Al llegar el momento de irnos, ambos teníamos complicada la motricidad por culpa del exquisito vino que siempre había en la casa de Fernando, caminamos riendo como en los viejos tiempos con una impaciencia que nos hacía pesada la ropa. Cuando por fin llegó el momento de deshacernos de ella, Eugenia se meció sobre mí con una dulzura violenta que me destapó el cráneo y lo dejó a su merced. En medio de la desenfrenada lujuria, sin razón aparente y sin indicio, sus ojos se volvieron blancos y se desvaneció, al despertar no pudo mover más la parte inferior de su tallado cuerpo.

Deseo correr y escaparme de este infierno, yo que puedo hacerlo, pero un sentimiento extraño —odiosos sentimientos— me ata a tu desdicha y la siento como mía.

Ahora, acabo de acompañarla hasta que se duerma. La miro y me lleno de compasión, tal vez sea lástima, me gustaría bucear en sus pensamientos pero ella no quiere hablar del tema y me evade continuamente. Los médicos aseguran que va a recuperarse pero no puedo creerles. ¿Y si nunca más puede volver a caminar? Me imagino el infierno que sería su vida, perder de un día para otro la independencia, perder de un segundo para otro el sentido de una vida como la conoció, perder de un día para otro la posibilidad de recorrer los sueños de pie. En medio de su desdicha me encuentro yo, que sí puedo caminar y me siento culpable por disfrutar de eso. Me imagino una y otra vez viviendo todo lo que me queda de vida anclado a esta habitación cuidando de la pobre de Eugenia. ¿Debo acompañarla renunciando a mi sexualidad? ¿Debo quedarme a su lado incondicionalmente o buscar escapar y rehacer mi vida caminando, corriendo, bailando, haciendo el amor con otra mujer? Recién, cuando le llevé el té que toma cada noche, tuvimos una extraña conversación. Pude ver en su mirada la culpa que me transmitió por arrastrarme al infierno que la vida le proponía, bajando la mirada para centrarla en el humo que despedía el té mientras se mezclaba con la luz del velador, dijo:

—No podré conocer Jurere, es mi sueño.

Sorprendido, tratando de no sonar frustrante ni lastimero, contesté.

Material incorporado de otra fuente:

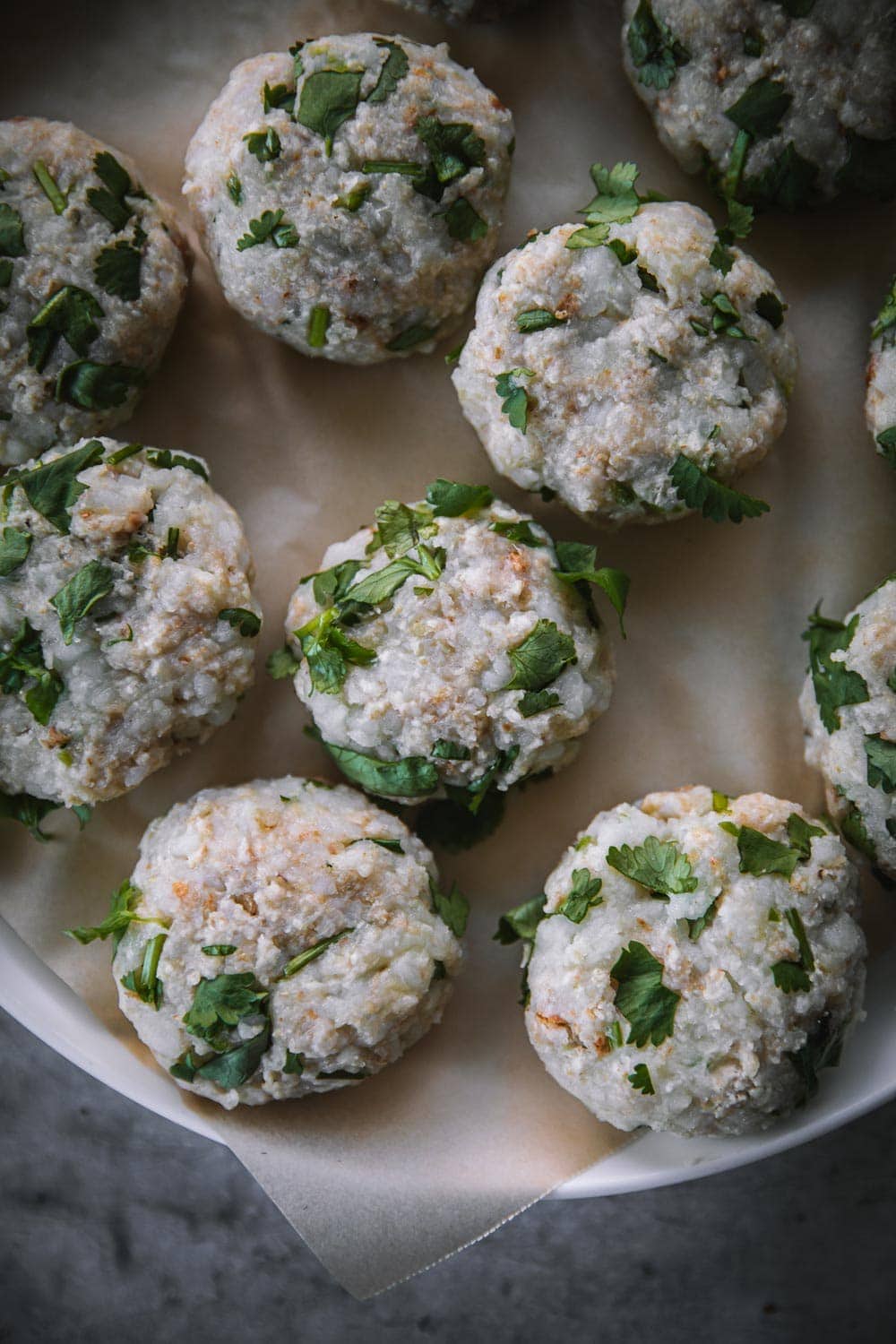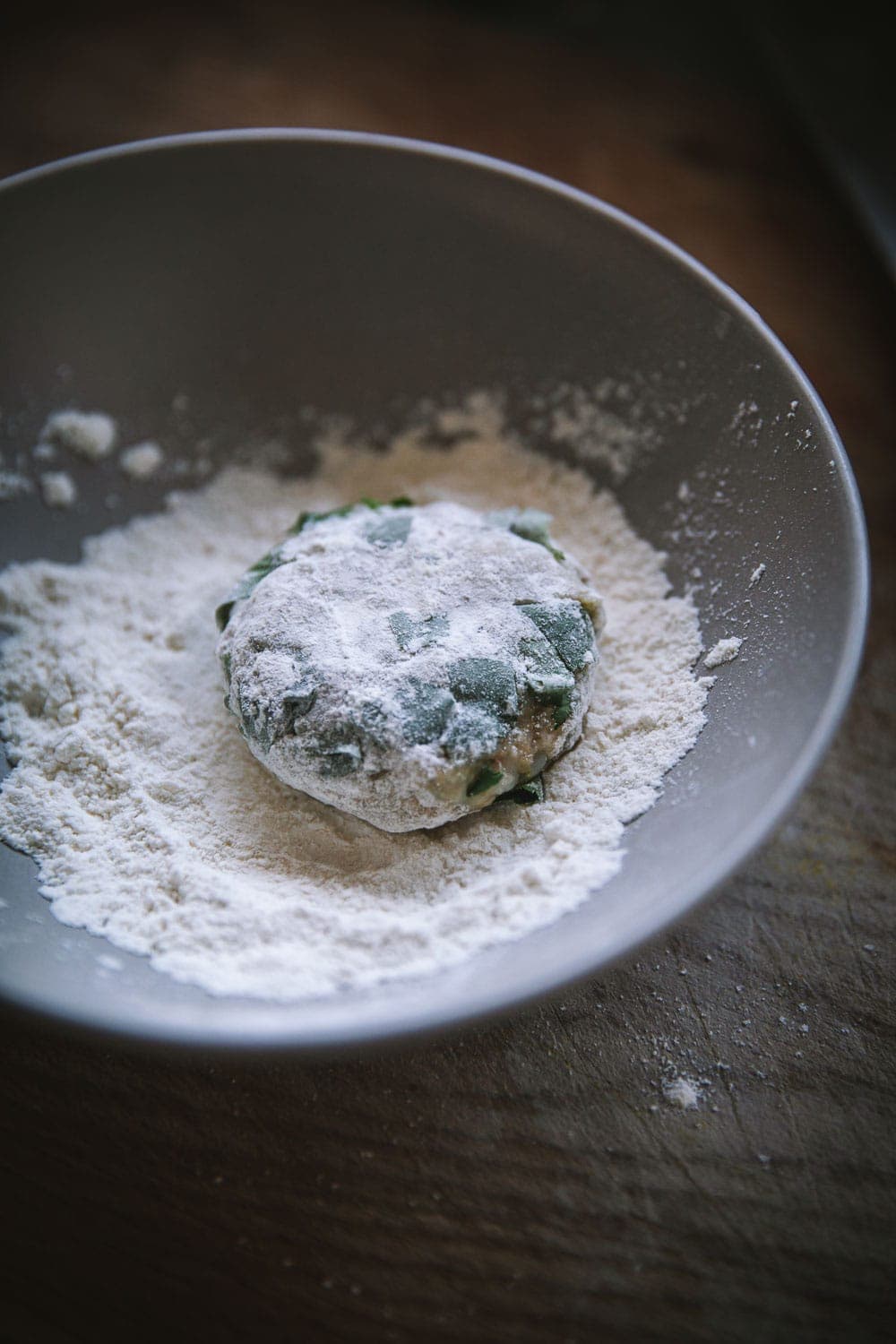 - With clean hands, take about half a cup of mixture in your palm. Shape into a round ball and then flatten to form a half-inch thick disc or patty. Place on a plate lined with baking paper. Repeat with the remaining mixture.

—Nunca me hablaste de eso. ¿Dónde es Jurere?

Sonrió sin correr la mirada del humo mientras afirmaba con las dos manos la taza que estaba apoyada en su inerte entrepierna.

—En Brasil. Me extraña que la persona con mayores conocimientos de geografía que conocí en mi vida no sepa dónde es una de las playas más hermosas.

—Ignoro la geografía de Brasil.

—Sería más coherente que ignores la geografía de Europa del Este que la de un país limítrofe.

En otro momento le hubiese dicho que lo coherente sólo limita la fuerza de la imaginación, que en lo coherente se esconden los mandatos y que la gente más brillante tiene como cualidad no aferrarse a lo coherente, pero no era momento para discusiones de interpretación o filosóficas, por lo tanto opté por la paz.

—Sí, realmente, pero no puedo elegir qué me interesa y qué no. ¿Por qué decías que no vas a poder ir?

—Porque estoy postrada en una cama. Sin razón aparente, desconcertando a los médicos, arrastrándote a cuidarme de por vida con lástima, pesándote como una roca atada al cuello, viendo cómo tu mirada se tiñe a cada instante de desgracia, viendo cómo tus ojos desean mi cuerpo que parece muerto pero no se descompone ni tiene gusanos, notando cómo la pena te comienza a carcomer violentamente debatiéndote entre vivir con la culpa de abandonarme o vivir con la culpa de no hacerlo. Muerta en vida.

No supe qué contestar, sólo atiné a abrazarla y mentirle profundamente.

—Voy a estar a tu lado, las circunstancias no cambian lo que siento por vos.

Casi al unísono mi mente pensaba; deseo correr y escaparme de este infierno, yo que puedo hacerlo, pero un sentimiento extraño —odiosos sentimientos— me ata a tu desdicha y la siento como mía.

Caminé entre la oscuridad y el silencio y me senté a escribir. Eugenia quedó sola tomando el té, tal vez dos gotas de veneno la duerman sin dolor y a mí me saquen del problema pero no puedo hacerle eso a una mujer que todavía amo.